Üniversitenin, devam masrafını yıllık yaklaşık 100.000 $ olarak belirlemeye cesaret etmesi yalnızca bir zaman meselesiydi. Bu baharda ona ilk kez bakacağız.
Yakın zamanda Vanderbilt Üniversitesi'ne kabul edilen bir mühendislik öğrencisine yazılan bir mektupta, oda, yemek, kişisel harcamalar ve yüksek oktanlı bir dizüstü bilgisayardan oluşan toplam fiyatın 98.426 dolar olduğu belirtiliyordu. Yıl içinde Nashville kampüsünden Los Angeles ya da Londra'ya üç gezi yapan bir öğrenci altı haneli gelir elde edebilir.
Bu şaşırtıcı miktar bir anormalliktir. Lisans öğrencilerinin yalnızca küçük bir kısmı yakın zamanda buna yakın bir ödeme yapacak ve ihtiyaca veya liyakate dayalı olarak yardım almayan Vanderbilt öğrencilerinin yaklaşık yüzde 35'i liste fiyatının tamamını ödeyecek.

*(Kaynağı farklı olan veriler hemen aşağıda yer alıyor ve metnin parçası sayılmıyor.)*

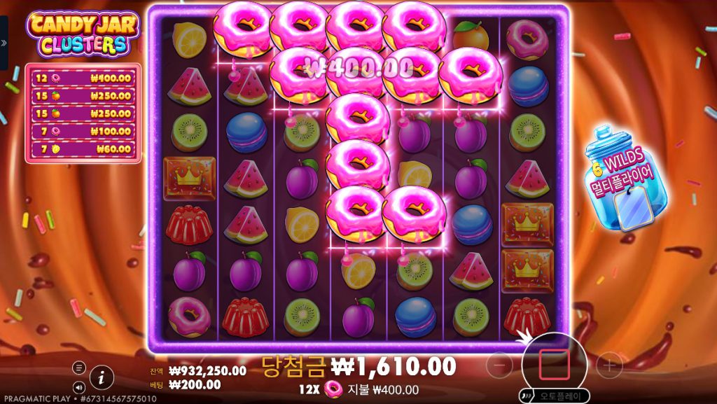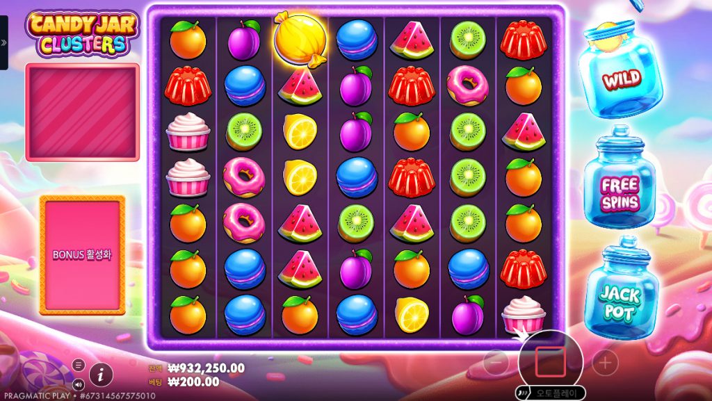 Pragmatic Play의 CANDY JAR CLUSTERS 는 달콤한 사탕과 디저트 테마를 배경으로 펼쳐지는 클러스터 방식 슬롯입니다. 다채로운 색감과 귀여운 디저트 심볼들이 화면을 가득 메우며, 마치 사탕 왕국 속에서 모험을 하는 듯한 기분을 선사합니다. 밝고 유쾌한 배경음악은 게임의 몰입감을 더해주고, 랜덤 멀티플라이어와 무료 스핀 기능은 언제 어디서든 대형 배당의 기대감을 안겨줍니다. 단순히 귀여운 테마를 넘어 전략적 플레이와 높은 변동성을 동시에 제공하는 게임으로, 초보자부터 숙련자까지 모두에게 색다른 재미를 전달합니다.

Ancak başvuru sahiplerinin büyük çoğunluğunu reddeden birkaç düzine diğer kolej ve üniversite birkaç yıl içinde bu eşiğe ulaşabilir. Sınırları aşma konusundaki isteklilikleri üniversite için alışveriş yapan herkeste iki soruyu gündeme getiriyor: Bu nasıl oldu ve buna değer mi?
Kim ne ödüyor?
College Board'a göre, özel, kar amacı gütmeyen, dört yıllık okullarda öğrenim ücreti, oda ve yemek için ortalama 2023-24 liste fiyatı 56.190 dolardı. Dört yıllık devlet kolejlerinde eyalet içi öğrenciler ortalama 24.030 dolarlık etiket fiyatı gördü.
Ancak bu pek çok insanın ödediği miktar değil, hatta buna yakın bile değil. College Board'un 2023 raporunda kullandığı federal verilere göre, 2019-20 akademik yılı itibarıyla, tam zamanlı, iki yıllık kolejlere devam eden eyalet içi öğrencilerin yüzde 39'u, tüm öğrenim ücretlerini karşılamaya yetecek kadar hibe yardımı aldı ve ücretler. (Ama okula gitmeyi çok zorlaştırabilecek geçim masrafları değil.) Dört yıllık devlet okullarında %31'i öğrenim ücreti ödemezken, özel kolej ve üniversitelerdeki öğrencilerin %18'i aynı fırsattan yararlanmaya hak kazandı.
Bu özel kolejler her gelir grubundan insana önemli indirimler sunmaya devam ediyor. Ulusal Kolej ve Üniversite İşletme Görevlileri Birliği tarafından yapılan bir araştırma, özel, kar amacı gütmeyen kolejlerin ve üniversitelerin 2022-23 akademik yılında öğrenim ücretlerini ortalamanın yüzde 56 oranında düşürdüğünü gösterdi.
Vanderbilt ayrıca indirimler de sunuyor ve maddi yardımları oldukça cömert. Bu yılın başlarında, geliri 150.000 dolar veya daha az olan ailelerin çoğu durumda okul ücreti ödemeyeceğini duyurdu.
Ancak ihtiyaç veya liyakate dayalı yardım almayan ve yakında 100.000 ABD doları veya daha fazlasını ödeyecek olan 2.000'den fazla öğrenci var. Vanderbilt'in neden bu kadar paraya ihtiyacı var?
Para nereye gidiyor?
Ve okullara göre, muazzam bağışlara sahip birkaç küçük liberal sanat kolejinde, 100.000 dolar bile bir öğrencinin ortalama eğitim maliyetini karşılayamıyor. Williams College, öğrenci başına liste fiyatından yaklaşık 50.000 $ daha fazla harcadığını söylüyor.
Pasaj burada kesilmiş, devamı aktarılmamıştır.